North Carolina Sunday
Hunting Study Sunday
hunting has been a controversial issue in North
Carolina, with strong feelings among both
supporters and opponents. To better understand the
issue, the North Carolina Wildlife Resources
Commission (NCWRC), Virginia Tech, and Responsive
Management collaborated on a study to assess
public opinion on Sunday hunting. The study
consisted of an online opinion poll, a telephone
survey, and an economic analysis.
The online poll was developed and
placed on the NCWRC website to elicit feedback on
support or opposition to Sunday hunting. The
online poll was developed primarily as an
outlet for people who wanted to be
heard. At the same time, a
scientific telephone survey was conducted by
Responsive Management, Virginia Tech, and the
NCWRC.
The results of the two surveys
were markedly different. The online poll
showed that 55% of respondents supported Sunday
hunting, whereas 43% opposed it, and 2% had no
clear opinion. The telephone survey showed that
25% of respondents supported Sunday hunting,
whereas 65% opposed, and 10% had no clear opinion.

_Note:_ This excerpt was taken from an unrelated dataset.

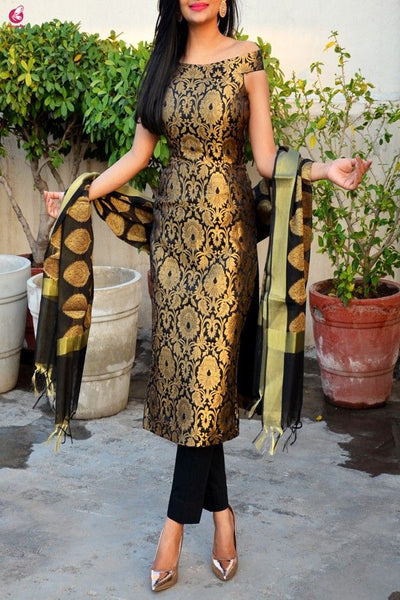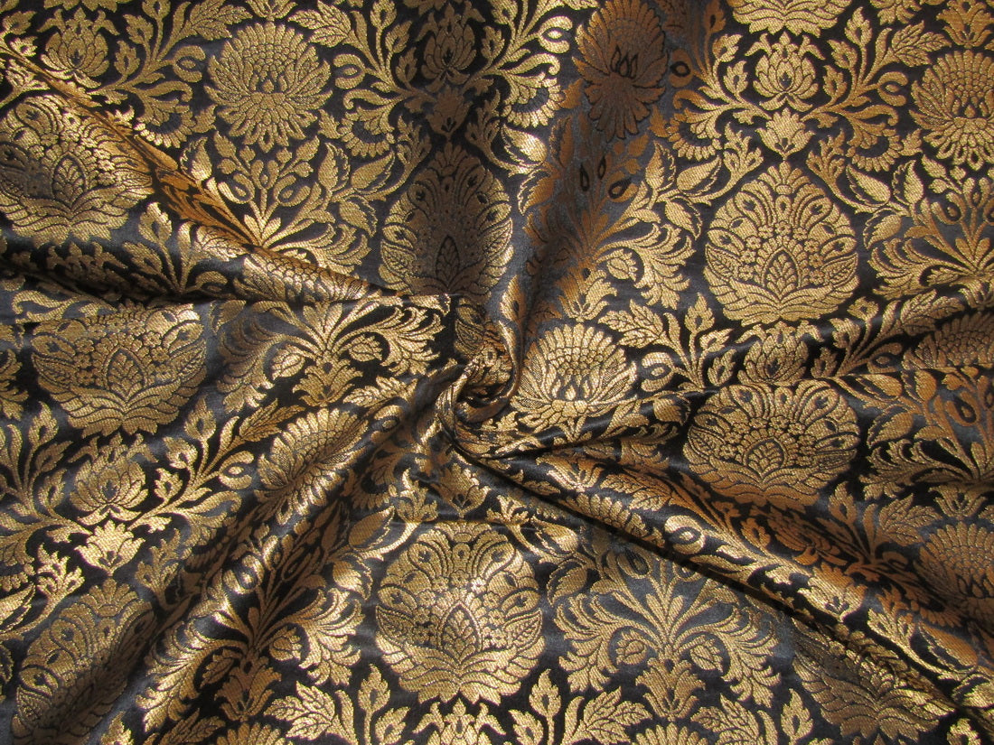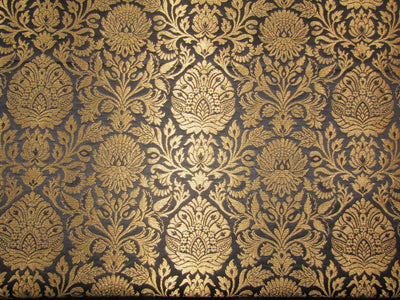Silk Brocade fabric Black x metallic gold color 44" wide BRO776[4]

These differences are well outside of any
acceptable margin of error for a valid
study.
The telephone survey, because it used a
randomly generated sample of North Carolina
residents, accurately reflected the opinions of
the population as a whole. Because more than 1,000
individuals were interviewed, the sampling error
was at most plus or minus 2.815 percentage points.

Far more people in the telephone survey of
North Carolina residents opposed Sunday hunting
compared to those who responded to the online
poll. Only 25% of the telephone respondents
supported Sunday hunting, whereas 55% of those who
responded to the online poll supported it. The
telephone survey found a fivefold increase as
compared to the online poll in people who had no
clear opinion on the subject of Sunday hunting.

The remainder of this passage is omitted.